Hal yang sama juga diungkapkan Endang (35) ibu dari pasien bernama Riko (3,8 ) anaknya juga terserang DBD dan harus menjalani rawat inap di rumah sakit. Ia rela berdesakan dalam kamar pasien karena dalam satu kamar ada 5 pasien yang harus dirawat.

“Saya mengunakan Surat Keterangan Tanda Miskin (SKTM) agar biaya berobat anak saya bisa murah.Tapi masih juga agak mahal,’’ Kata Endang.

Direktur RSUD Agoesdjam Ketapang, Djoko Hartono saat dikonfirmasi tidak berada diruangnya.

‘’Bapak lagi tidak ada, dak tau kemana,’’ Kata salah satu stap.

Namun sebelumnya dia mengatakan, rumah sakit akan berusaha memberikan pelayanan yang maksimal kepada masyarakat. Kata dia sebisa mungkin pasien harus mendapatkan perawatan yang layak. "Kita akan tetap upayakan pelayanan yang baik. Tidak boleh ada pasien yang ditolak" katanya (Ali)

Puskesmas Harus Pro Aktif

Rustam Efendi (42) warga Kelurahan Kalinilam Kecamatan Delta Pawan meminta Puskesmas yang ada di Desa-Desa harus proaktif untuk memberikan penyuluhan terhadap penyakit DBD ini,sebab masih banyak masyarakat yang belum faham bagaimana cara untuk mencegah dan menangani demam berdarah.

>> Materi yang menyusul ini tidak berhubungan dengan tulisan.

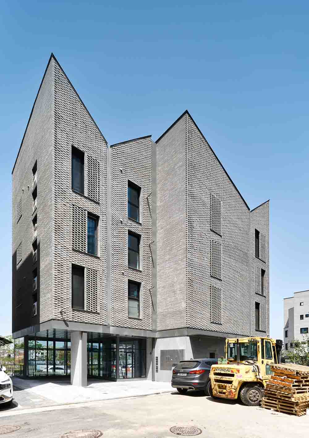 다이내믹한 지붕선을 가진 입면을 따라 평면 또한 들쭉날쭉하게 설계하고자 했지만, 건폐율과 용적률을 최대로 확보해야 하는 임대건물의 한계로 평면은 입면과 다르게 요철 없이 평범하게 계획해야 했다. 이런 평면의 한계를 벽돌 쌓기 방식을 통해 해결하고자 했다.

‘’ Kita berharap puskesmas-puskesmas harus proaktif dan cepat tanggap masalah penyakit ini, jangan menunggu DBD ini mulai mewabah di lingkungan masyarakat dan menelan korban jiwa, baru bertindak,jika ada korban jiwa itu artinya sebuah kelalaian dari Dinas Kesehatan,’’ Kata Rustam Minggu (11/11/2012).

Rustam mengatakan, saat ini di Ketapang sering hujan, dimana penyebaran nyamuk demam berdarah
aedes aegypti populasinya semakin meningkat, karena air dari curah hujan tersebut bisa tergenang di mana saja, seperti batok kelapa, kolam-kolam kecil yang sudah tidak terawat maupun kaleng-kaleng bekas yang ada disekitar rumah.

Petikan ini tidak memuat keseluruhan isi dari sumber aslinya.